Born in Paris, Martin’s father is French and her mother English. She moved to London at 18 to study media and culture at university, while modelling part-time. Acting classes were a hobby. She didn’t even have an agent when Von Trier cast her in Nymphomaniac not long after graduating. “I never thought I’d get the part,” she says. “I loved acting classes, but it was very low key. Never a job job.”
Even now, she suffers from a twinge or two of impostor syndrome: “The first day on shoot is like the first day at school. I have this weird thing like are they going to find me out, that I’m not a real actress. It’s totally irrational and it’s definitely not productive.”
I ask her about sex scenes. Martin is a total pro. For Nymphomaniac, she had a separate contract for nudity and there was a spreadsheet detailing every sexual act in the film to avoid uncertainty over who was doing what. Martin wore a prosthetic vagina for some scenes, and a porn double performed the actual sex scenes. These days, she says, she mostly finds herself battling for more male nudity in scripts. “Usually it’s the women doing full-frontal. What about the men? If you want to show a love scene, there needs to be balance. You’re not showing masturbating, you’re showing two people making love.”
I suspect Martin can be rather steely. I get a taste of her froideur when I bring up the controversial open letter signed by Catherine Deneuve and other high-profile French women attacking #MeToo for going too far. I put it to Martin that the letter pretty much confirmed the feeling that French women are a bit, well, less feminist. “I don’t think that French women are less feminist. If you look at Simone de Beauvoir, she was French and she wrote one of the founding texts of feminism,” Martin says curtly. Being half-French, half-English she says she is constantly seeing the differences between the two mentalities. “It’s a lot easier to say no in French than it is in English. I find it so satisfying to say no to a French person. Whether it’s for noodles or for a job.” Her English side is more apologetic. “I find myself saying sorry to someone even if they’ve pushed me in the street.”

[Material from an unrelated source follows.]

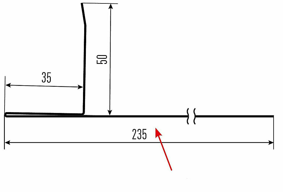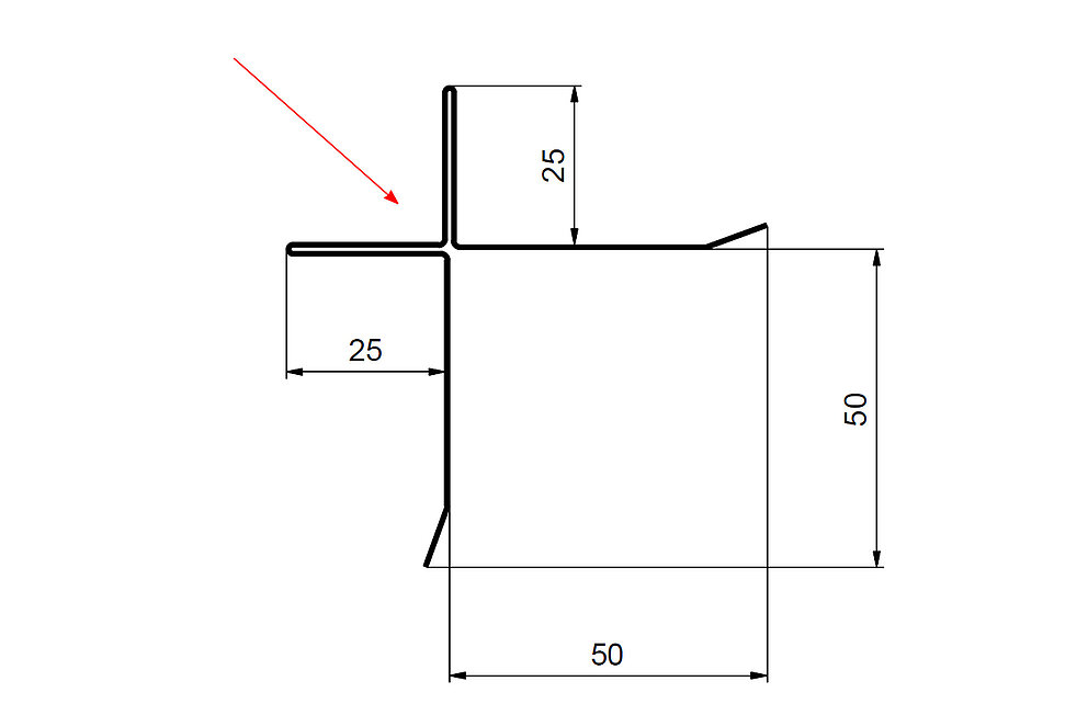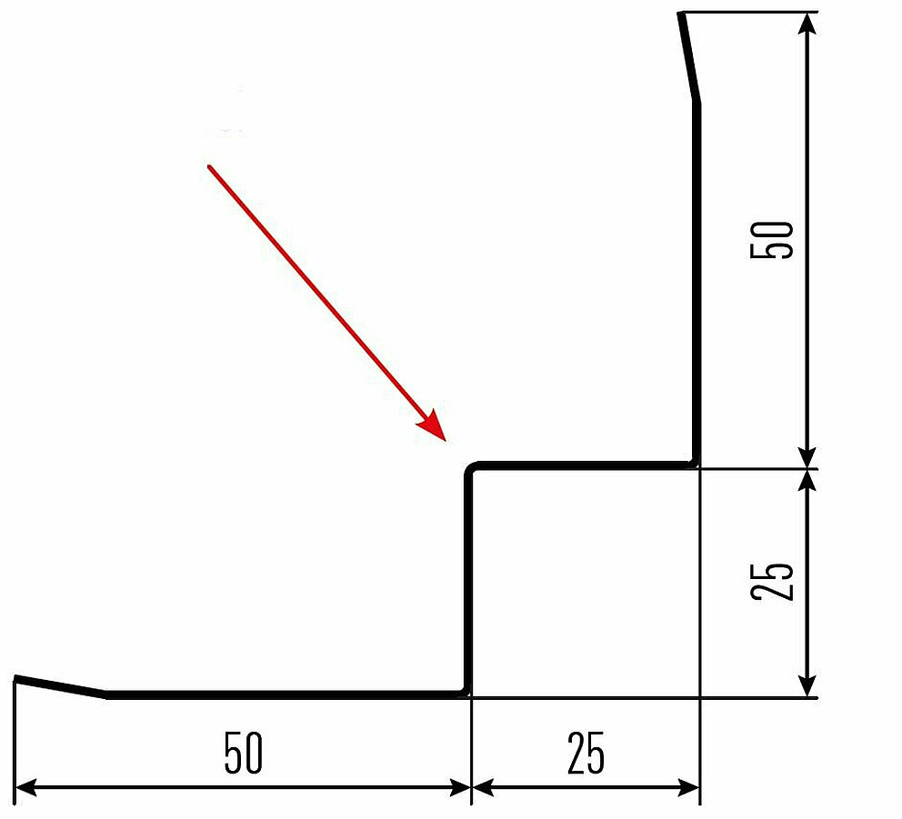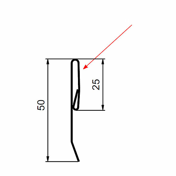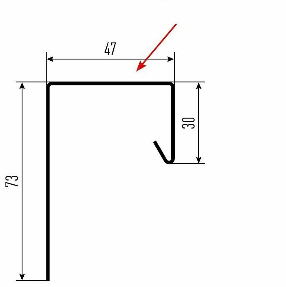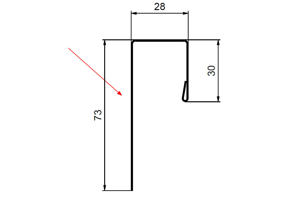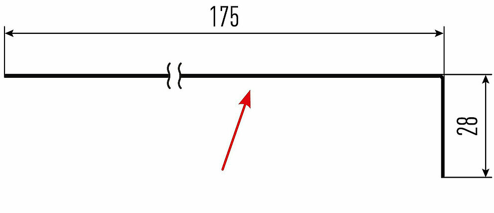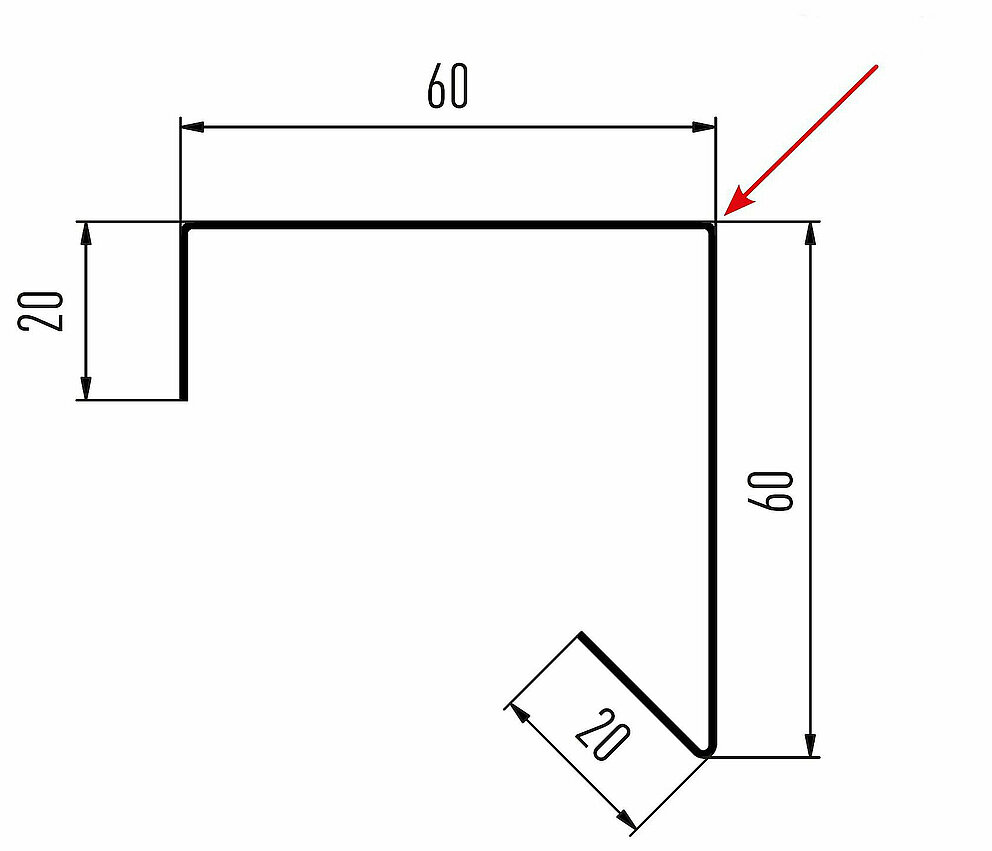 La flèche rouge indique toujours le côté prélaqué des profils accessoires.

When Nymphomaniac came out, Martin was frustrated by journalists treating her like a Ming vase. “People talked about the film like something really difficult had happened to me. Instead of an actress deciding to make a film. That was annoying. I wouldn’t have said yes if I wasn’t happy with it. I felt like I had to tell people that it was my decision.”
The sex scenes in Redoubtable, on the other hand, are tongue-in-cheek, played for laughs. Godard goes down on Anne Wiazemsky, but comes up for air to bang on about revolutionary politics. Redoubtable pokes fun at the New Wave enfant terrible: in his late 30s, balding and terrified of becoming old and irrelevant. But it plays his relationship with Wiazemsky, as a comedy. In reality, Godard was jealous, possessive, even cruel at times. His age and experience put all the power in his corner. But Martin points out that Wiazemsky remembered the relationship affectionately; the film is based on her memoir. “We have to let her have her relationship. They loved each other. That’s something we can’t judge: someone’s love for someone else. You have to respect that.”
If there’s one takeaway from Redoubtable it is that the job description of muse is long and not particularly tempting: cook, cleaner, mother, cheerleader, lover, cat-to-kick, therapist. When she worked with Von Trier, a few interviewers called Martin his “new muse”, but she’s unimpressed. “I find the word ‘muse’ very belittling,” Martin says. “It’s been far too romanticised. If you look at Picasso and Freud, they had muses and were in relationships with the women. Look at Frida Kahlo. She couldn’t sustain a relationship like that and make her own work. I want to be Stacy Martin, not blah blah’s muse.”